The Start-up code provides useful #define statements for these codes.
2.3.2 The Board
The display of the game board consists of two features:
1. Tile Display
2. Grid Co-ordinates
The board is a 2D grid of tiles, up to a maximum size of 26x26. However, some locations of the 2D grid may
be empty, meaning that no tile has been placed there. When the board is displayed, all locations that contain
a tile are filled with the tile code, and empty locations filled with two-spaces.
!
The examples is this spec use an expandable board (see the Minor Enhancements in Section 4.1). That is,
the board is only as large enough as necessary, and expands as the players add tiles.
For the base game-play you may use a fixed size board.

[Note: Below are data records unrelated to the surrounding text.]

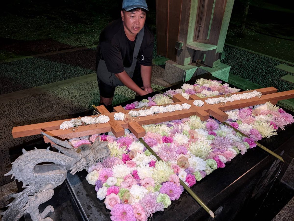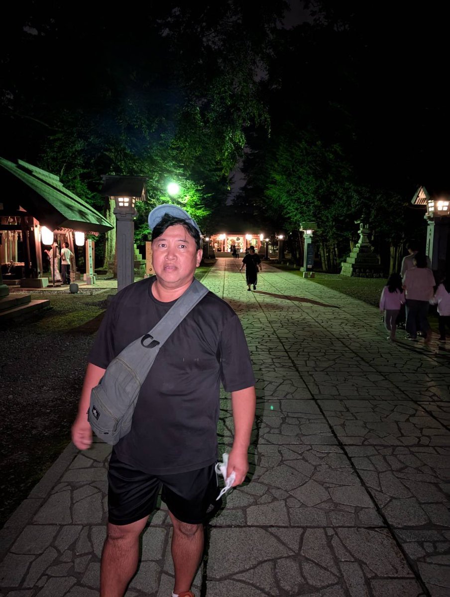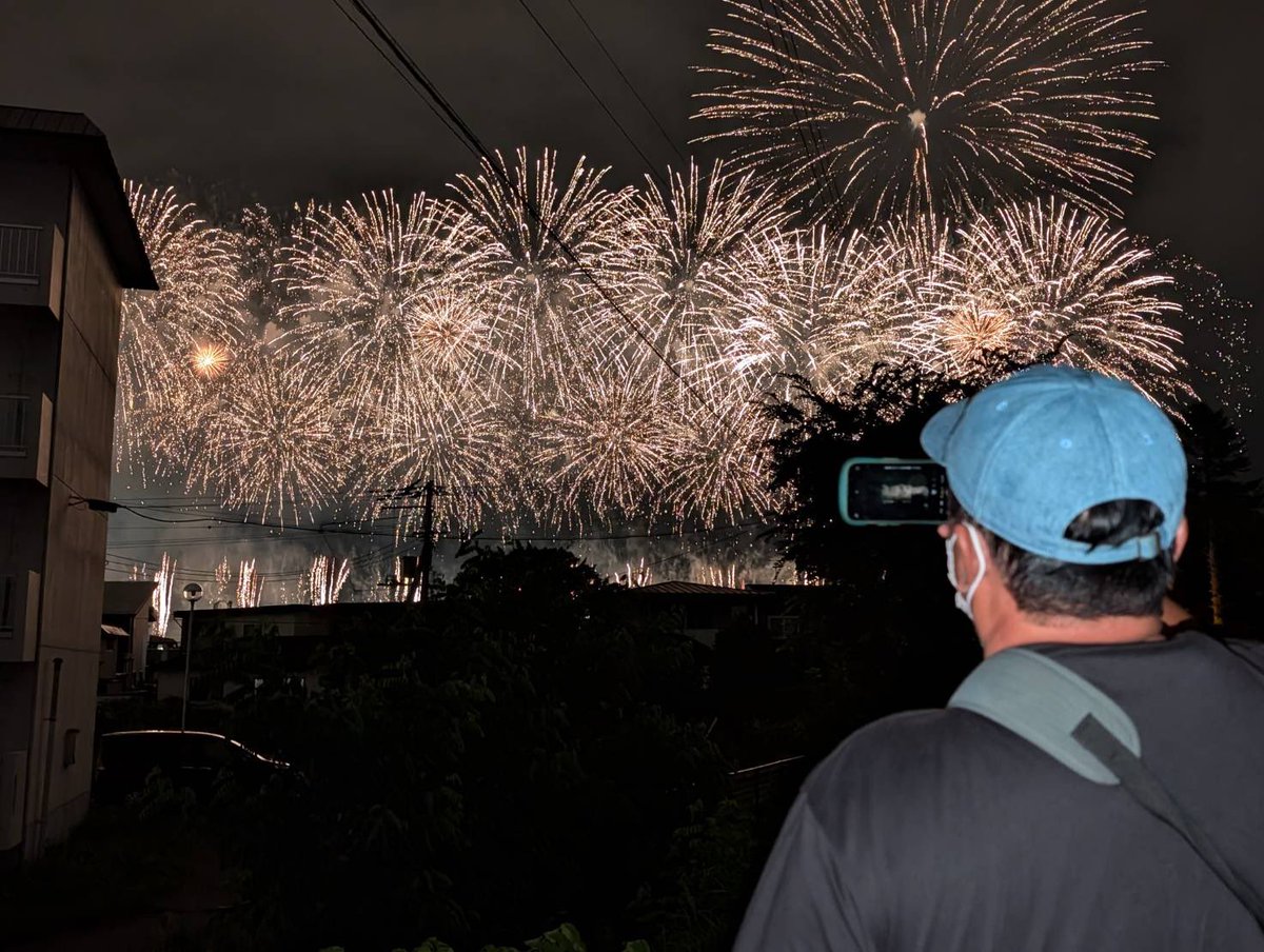 「13日の当日の飛行機に乗って夜到着便でやってきて、そのままバスに乗りレンタカー借りるところまで行き、車に乗り知り合いの駐車場に止めさせてもらいダッシュで花火会場のよく見えるところまでダッシュ」
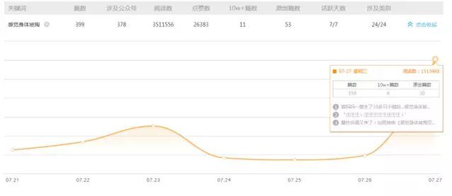 由于被大量公家號轉(zhuǎn)發(fā),《感覺身體被掏空》在騰訊視頻的播放量達(dá)到252萬。另外,固然B站并非首發(fā)平臺,但播放量也高達(dá)137萬,彈幕數(shù)達(dá)3800條,珍藏量也達(dá)到一萬多。 通過新榜的數(shù)據(jù)產(chǎn)品“趨勢查詢”,分別輸入樞紐詞“彩虹合唱團”和“感覺身體被掏空”可以發(fā)現(xiàn),兩個樞紐詞都在昨天達(dá)到了峰值。
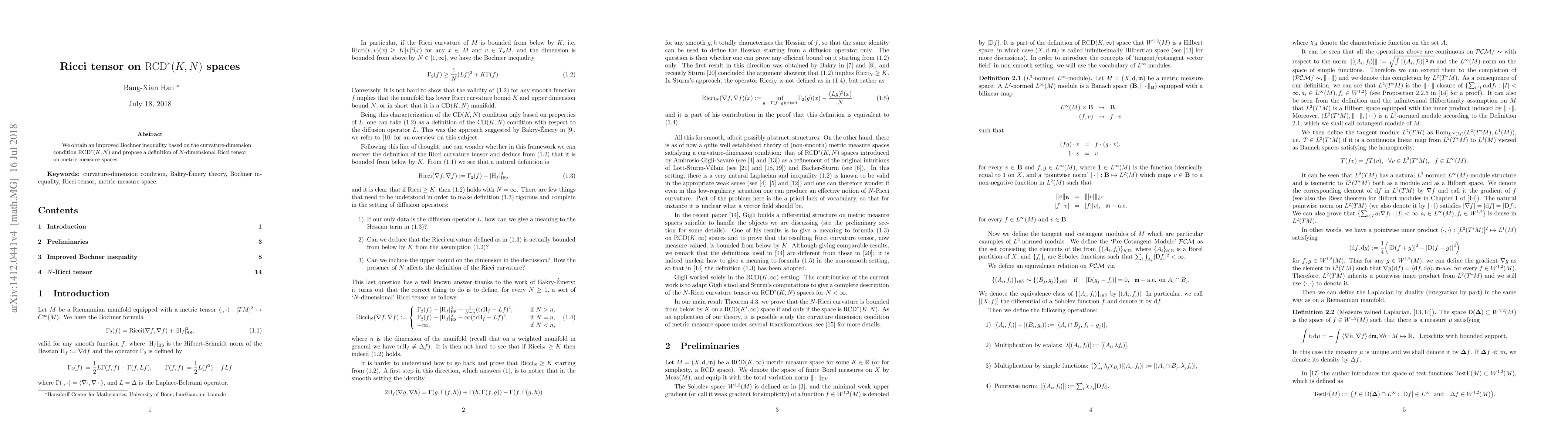 The paper introduces an improved Bochner inequality tailored for RCD*(K,N) spaces and defines an N-dimensional Ricci tensor, advancing the theory of curvature-dimension conditions in non-smooth geometric analysis.
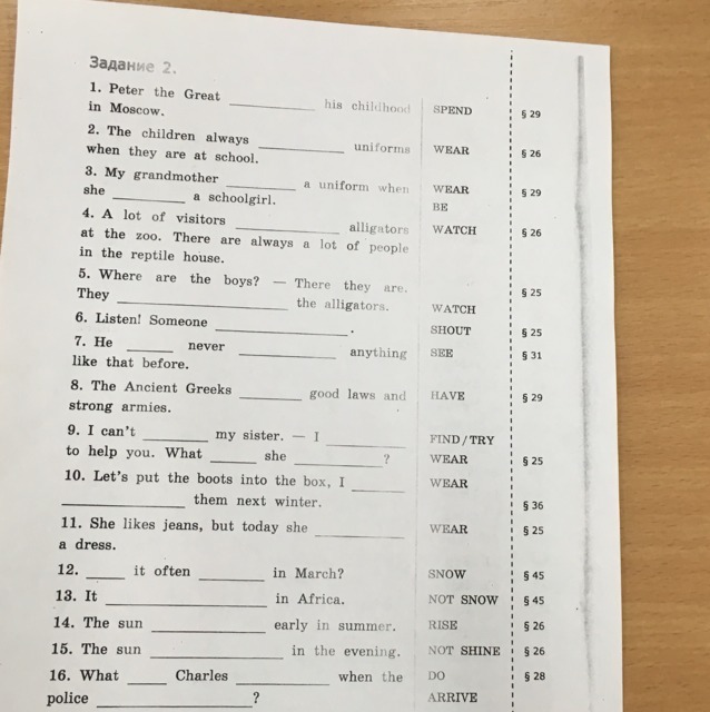 9. I can`t find my sister. - I try to help you. What does she wear?
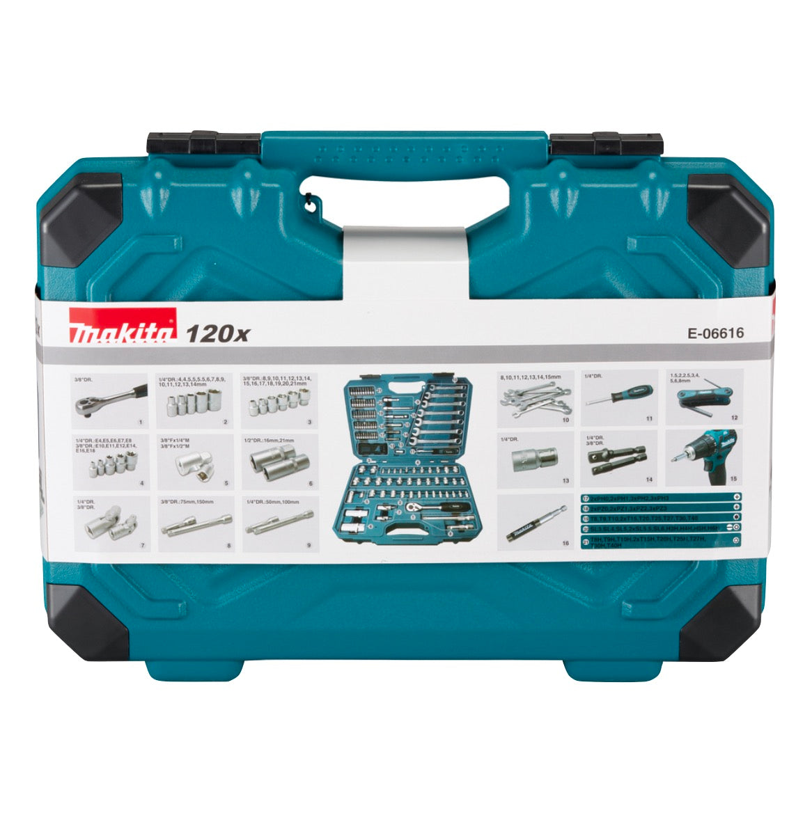 Makita Set d'outils 3/8'' 1/4'' 120 pces ( E-06616 ) Tournevis / Clé à cliquet / Clé à vis / Embouts + Coffret

The grid co-ordinates use:
? Uppercase Letters for rows
? Integers for columns
Board locations are always referenced in row-column fashion:
<row><column>
For example, the blue square is at grid co-ordinate B2, and the yellow circle is at grid co-ordinate D1.
0 1 2 3 4 5
-------------------
A | | | | | | |
B | | |B4|B6|B5| |
C | | |R4| | | |
D | |Y1|Y4|Y2| | |
E | | |P4| | | |
F | | | | | | |
You could store the board as A vector of vectors of Tiles
!
In your implementation you must use a vector to store the board.
2.3.3 The Player’s Hand
The player’s hand is an ordered linked list of tiles.
!
In your implementation you must use a linked list to store the tiles in the player’s hand. You must
implement your own version of a Linked List.
The player’s hand is displayed as a comma separated list of tiles.
Your hand is
Y5,G5,R5,O2,B1,P6
The order of tiles in the player’s hand is important for testing purposes!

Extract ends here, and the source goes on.